KENNEDY SPACE CENTER, Fla.--SpaceX engineers have cleared the company's Falcon 9 rocket and Dragon cargo capsule for another try tomorrow to kick off NASA's first commercial flight to the International Space Station.

The engineers replaced a suspect valve in an engine that triggered a last-second launch abort Saturday and carried out a data review to make sure there were no other problems, clearing the way for a second attempt.

With forecasters predicting an 80 percent chance of good weather, the 178-foot-tall Falcon 9 is scheduled for liftoff from launch complex 40 at the Cape Canaveral Air Force Station at 3:44:38 a.m. EDT.

SpaceX is readying its Falcon 9 rocket for a second launch attempt Tuesday to send the company's Dragon cargo ship on a commercial flight to the International Space Station. SpaceX

As with Saturday's aborted countdown, the flight control team must launch the rocket on time, directly into the plane of the space station's orbit, to pull off the long-awaited rendezvous and docking. If the countdown is interrupted or held up for any reason, the flight will slip to Friday.

This will be SpaceX's second Dragon test flight -- the third for the Falcon 9 rocket -- but the first to go all the way to the International Space Station. SpaceX holds a $1.6 billion contract with NASA to launch at least 12 unmanned cargo missions to the lab complex, but only after test flights confirm the safety and reliability of the rocket and cargo capsule.

The test flights are being carried out under a contract valued at up to $396 million. Three missions originally were planned, but after a successful test flight in December 2010, SpaceX convinced NASA to combine the second and third tests into a single mission.

As a result, the Dragon scheduled for launch tomorrow will spend much of the day Thursday carrying out maneuvers near the station to test the craft's flight control computers and navigation systems, and to check out the critical communications link between the station crew and the spacecraft.

If all of that goes well -- work originally planned for the second of the three initial proposed test flights -- SpaceX flight controllers will attempt the final phases of the rendezvous on Friday to complete the objectives of the third test flight, guiding the craft to a point within about 30 feet of the space station. At that point, flight engineer Donald Pettit, operating the station's robot arm, will lock onto the cargo capsule just after 8 a.m. and guide it to a berthing at the Earth-facing port of the forward Harmony module.

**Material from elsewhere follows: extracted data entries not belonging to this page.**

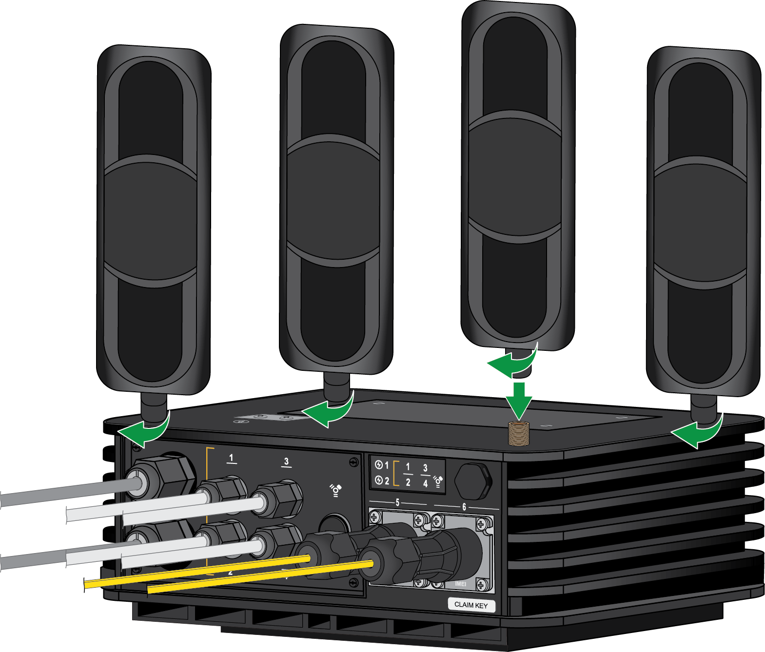 - Secure the antennas to the SMA connectors located at the corners of the device. Make sure to tighten each antenna by hand. The antennas are fixed at a 90 degree orientation but can be repositioned after installation.(PA-410R-5G)![]() (PA-450R-5G) (PA-450R-5G)![]() (PA-410R-5G only) Fold the antennas at a 90 degree angle so that the device can be appropriately installed on a wall or DIN rail. While viewing the back panel of the device, ensure that the top two antennas point straight up and that the bottom two antennas point straight down. (PA-410R-5G only) Fold the antennas at a 90 degree angle so that the device can be appropriately installed on a wall or DIN rail. While viewing the back panel of the device, ensure that the top two antennas point straight up and that the bottom two antennas point straight down.![]() Adjust the antenna orientation to receive the optimal signal strength in your environment.Check the signal strength of the firewall by viewing the Cellular LED (see Interpret the LEDs on a PA-400R Series Firewall) or by checking the Firewall Web Interface.Do not point the antennas towards one another or place them close to one another.Ensure that power cables do not cross over the antennas as this can cause signal quality distortion and antenna performance degradation. Adjust the antenna orientation to receive the optimal signal strength in your environment.Check the signal strength of the firewall by viewing the Cellular LED (see Interpret the LEDs on a PA-400R Series Firewall) or by checking the Firewall Web Interface.Do not point the antennas towards one another or place them close to one another.Ensure that power cables do not cross over the antennas as this can cause signal quality distortion and antenna performance degradation.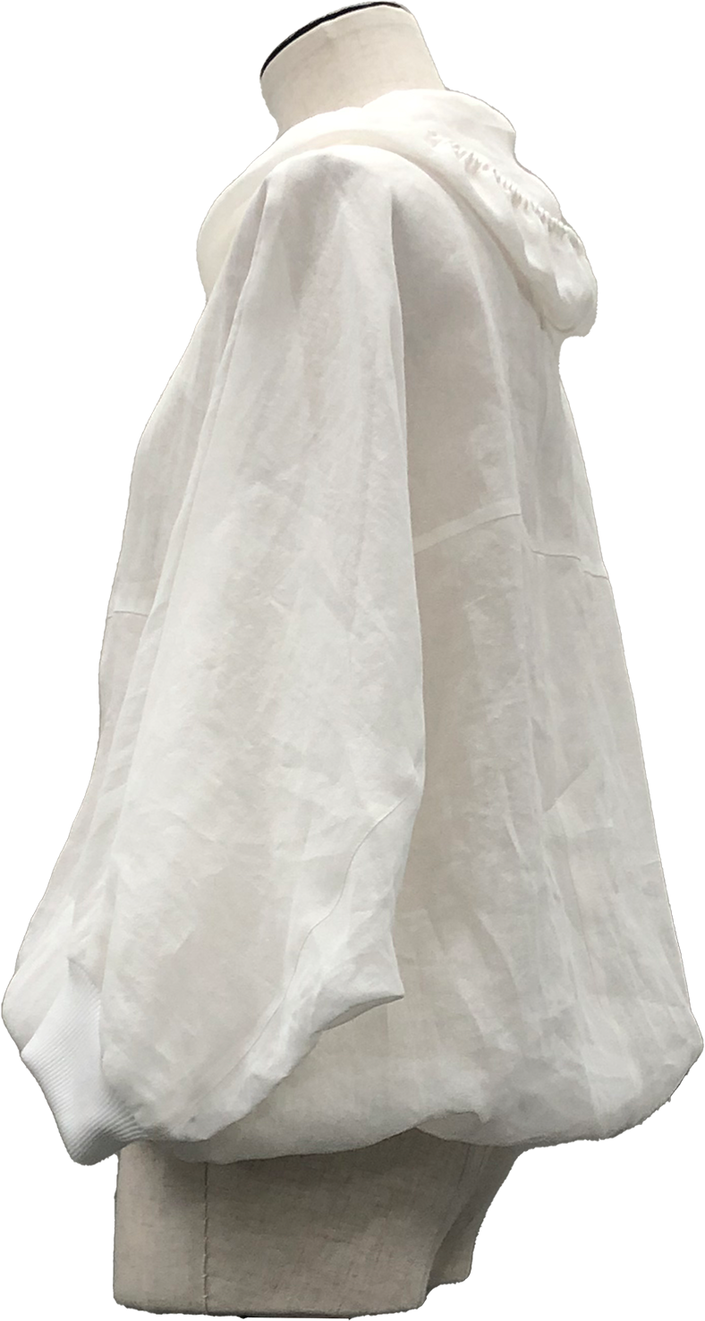 昨年も抄繊糸を使用したアイテムを発売したところ、軽い着心地やイージーケアであることから大変ご好評いただきました。今年は、これまでよりも細い糸が開発されたので、透けて見えるほど粗く織り上げてシアーな素材に進化させました。さらっとした風合いや、熱がこもらず快適に過ごせる、紙からできた生地の良さを感じられるショートブルゾンが完成しました。
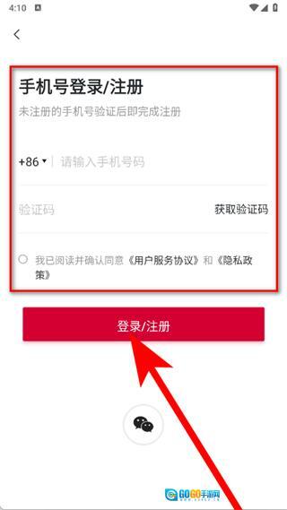 4、请输入手机号码,点击“获取验证码”按钮,输入收到的验证码,勾选相关选项后,点击“登录注册”按钮,即可完成注册操作。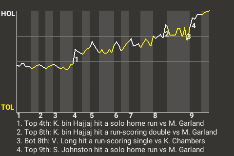 Hollywood designated hitter Kharouf bin Hajjaj delivered a run-scoring double in the top of the eighth. Overall, he went 3 for 4, picking up 1 home run, 1 single, and 1 double. He scored 1 run and knocked in 2.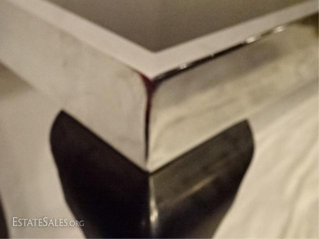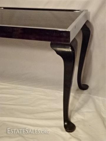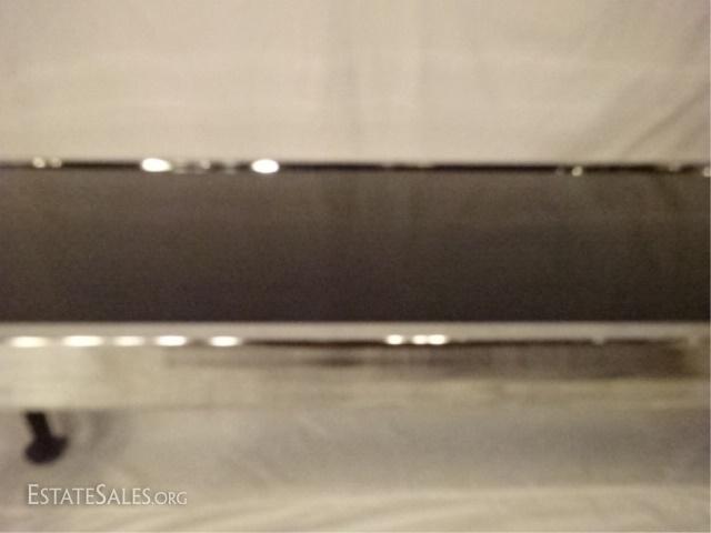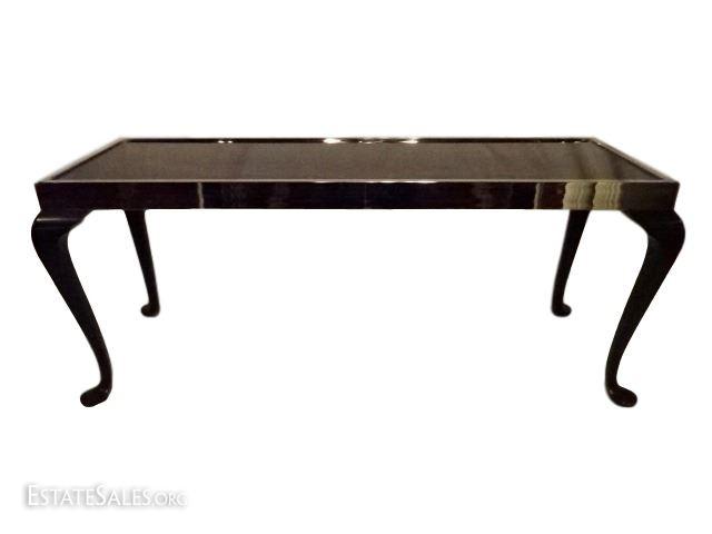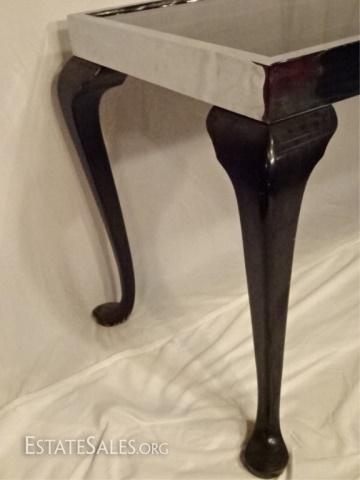 LOT 54C: MID CENTURY MODERN CHROME AND WOOD CONSOLE, BLACK GLASS INSET TOP IN CHROME FRAME RAISED ON BLACK ENAMEL CABRIOLE WOOD LEGS WITH SPADE FEET, VERY GOOD CONDITION WITH MINOR WEAR, 66"W X 29"H X 22"D, SKU387.38

"This is a fairly challenging mission, putting all those objectives together," said Mike Horkachuck, SpaceX project executive for NASA. "But we've done a lot of work with SpaceX and our mission ops teams are both coordinating very well and we believe we've got a good chance of meeting all those objectives with this flight."

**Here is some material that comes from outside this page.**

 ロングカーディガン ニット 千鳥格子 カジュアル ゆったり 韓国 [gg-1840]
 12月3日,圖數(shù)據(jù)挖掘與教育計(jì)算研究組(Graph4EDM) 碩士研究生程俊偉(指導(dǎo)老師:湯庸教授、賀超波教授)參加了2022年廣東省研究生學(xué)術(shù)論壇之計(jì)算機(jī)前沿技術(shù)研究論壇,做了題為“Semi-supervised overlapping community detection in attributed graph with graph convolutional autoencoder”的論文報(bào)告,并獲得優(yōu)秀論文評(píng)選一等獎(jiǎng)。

The station crew plans to open hatches leading into the Dragon capsule on Saturday to begin unloading about 1,500 pounds of equipment and supplies. Assuming an on-time launch and successful berthing, the spacecraft will be unloaded and detached from the station on May 31 and guided to a parachute-assisted splashdown in the Pacific Ocean off the coast of California.

SpaceX originally hoped to launch the mission in early February, but the flight was repeatedly delayed, primarily to give engineers additional time to make sure the flight software was ready for action.

During the first actual launch attempt Saturday, the countdown ticked smoothly to zero and all nine first-stage engines ignited and throttled up for liftoff. But at the last instant -- just a half-second before the Falcon 9 was to be released from the pad -- increasing pressure in engine No. 5's combustion chamber triggered a computer-ordered abort.

"During rigorous inspections of the engine, SpaceX engineers discovered a faulty check valve on the Merlin engine," SpaceX said in a statement. "The failed valve was replaced on Saturday and after thorough analysis the vehicle has been cleared for launch."